MCP Sampling is a bidirectional communication mechanism in the Model Context Protocol. Normally your agent calls out to an MCP server to use its tools. With sampling, the MCP server can call back into your agent and request an LLM completion mid-execution.

This enables MCP servers that need AI reasoning as part of their tool execution — for example, a server that generates personalised content, a messaging bot that routes incoming messages through your agent, or a multi-turn orchestration workflow.

Quick Start

The fastest way to enable sampling is to pass a runner's ask method directly as the handler:

import { AgentBuilder, createSamplingHandler, McpToolset } from "@iqai/adk";

// 1. Create an agent that will handle sampling requests
const { runner } = await AgentBuilder.withModel("gemini-2.5-flash")
  .withInstruction("You are a helpful assistant.")
  .build();

// 2. Wrap its ask method as a sampling handler
const samplingHandler = createSamplingHandler(runner.ask);

// 3. Pass to an MCP toolset
const toolset = new McpToolset({
  name: "My MCP Server",
  description: "Server with sampling capabilities",
  samplingHandler,
  transport: {
    mode: "stdio",
    command: "node",
    args: ["./my-mcp-server/dist/index.js"],
  },
});

const tools = await toolset.getTools();

Model selection with runner.ask

When you pass runner.ask as the handler, the runner uses its own configured model (e.g. "gemini-2.5-flash" above). The model preference sent by the MCP server is ignored. To honour it, write a custom handler that reads request.model.

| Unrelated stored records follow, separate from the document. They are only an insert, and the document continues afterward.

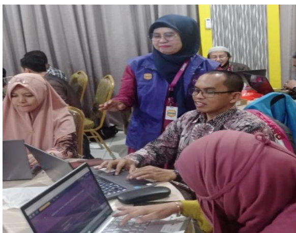
Figure 3. Assistance for Making Quizizz Media

After delivering the material, participants practiced making learning media using Quizlet. This practical activity was accompanied directly by the resource person. At this stage, participants are expected to be able to create a learning medium that can later be used during class learning.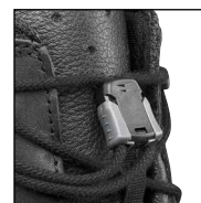
HAIX® Smart Lacing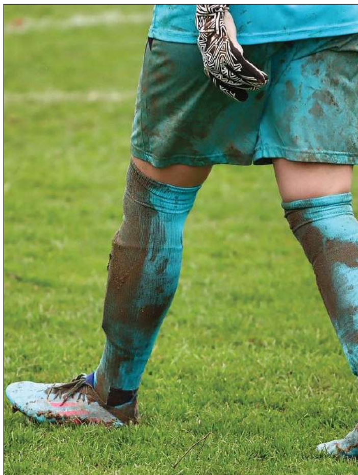
It wasn't Wanderers' day last Sunday

The Chairgirls now set their sights on their upcoming league fixture away to Selsey, on Sunday, September 13, as they look to gain their first points of the 24/25 campaign.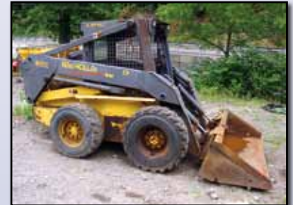
'99 NEW HOLLAND LS 180

1999 NEW HOLLAND Model LS180 Skid Steer Loader , s/n 181765, powered by 4 cylinder diesel engine and 2 speed hydrostatic drive, equipped with 77" loader bucket, auxiliary hydraulics, light package, and 12x16.5 tires. In good condition with (2) good and (2) poor tires.

createSamplingHandler is a type helper

createSamplingHandler(handler) is an identity function — it returns the function you pass in unchanged. Its only purpose is TypeScript type inference, ensuring your function matches the SamplingHandler signature. You can omit it and pass the function directly if you prefer.

How It Works

When an MCP server calls session.requestSampling(), ADK-TS handles the entire protocol conversion for you:

Receives the raw MCP request — the McpSamplingHandler validates it against the MCP schema.
Converts MCP messages to ADK-TS format — { role, content: { type, text } } becomes Content[] with { role, parts: [{ text }] }. Roles map directly: "user" stays "user", "assistant" becomes "model".
Creates an LlmRequest with the converted contents, model preference, temperature, and maxTokens.
Calls your sampling handler with this LlmRequest.
Converts your response back to MCP format and returns it to the MCP server.

Supported content types

text, image (inline base64), and audio (inline base64) are fully converted between MCP and ADK-TS formats. tool_use and tool_result content types are converted to text placeholders.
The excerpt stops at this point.